I wanted to hit y’all with some deep-ass shit here, questioning the motivations of western society at large, proclaiming myself to be out of step with the world* and wondering aloud if anyone else finds it as utterly ridiculous as I do, at a very base level, that we not only live in but actively support a capitalist system that keeps the vast majority in glorified servitude for their working lives (and beyond: thanks Tories!).
But then I remembered I saw a dog this morning while I was walking to work and it sort of happily barked at me and smiled with a big, stupid slobbering face looking at my big, stupid slobbering face (I slobber when I walk fast (I walk fast all the time (some of the time))).
I remembered how I was in a foul mood, wandering along in the morning with my mind racing faster than my incredible walking speed.
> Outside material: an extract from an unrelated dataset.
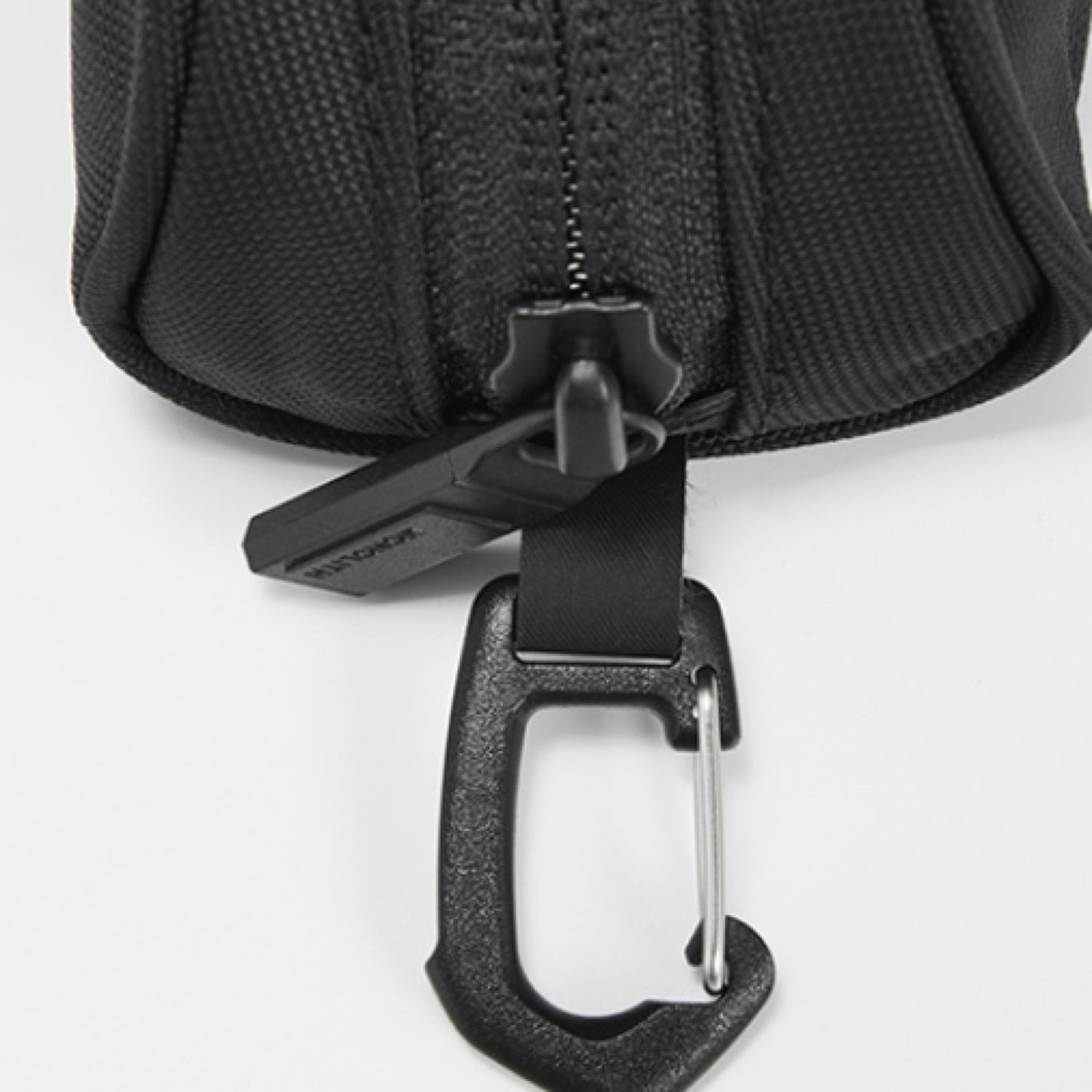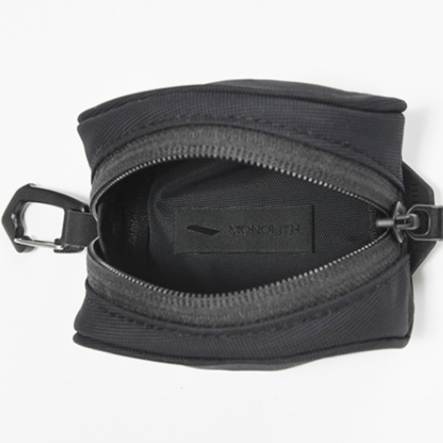 パイピングを施したソリッドなデザインのMONOLITHのポーチ。サイドのナスカンストラップにより、バッグやベルトループへの取り付けが可能。鍵やワイヤレスイヤホン等の小物の収納に最適なコンパクトサイズ。メインファブリックにはSTANDARD仕様の420×840デニールBALLISTIC AIRを採用、他のプロダクト同様に総裏生地も備えたMONOLITHの設計に基づいたアクセサリー。

Then I caught eyes with this pooch and it just made me laugh out loud, because it was just so wilfully, uncaringly dumb. And happy.
And for a fleeting moment, it made me happy.
Then, later on, while explaining my feelings about things to friends and feeling the red mist descend once more, I looked across the park we were sitting in to see a puppy. A stupid, fat-faced golden lab puppy just flopping its stupid big paws around like a stupid idiot.
It found a stick. It had the time of its life with the stick. I was somewhat amused, and once again the anger dissipated; the mood lifted.
Anyone would think my brain is trying to tell me something. Probably that I want to slobber more while chewing on sticks. Might just take up crack instead.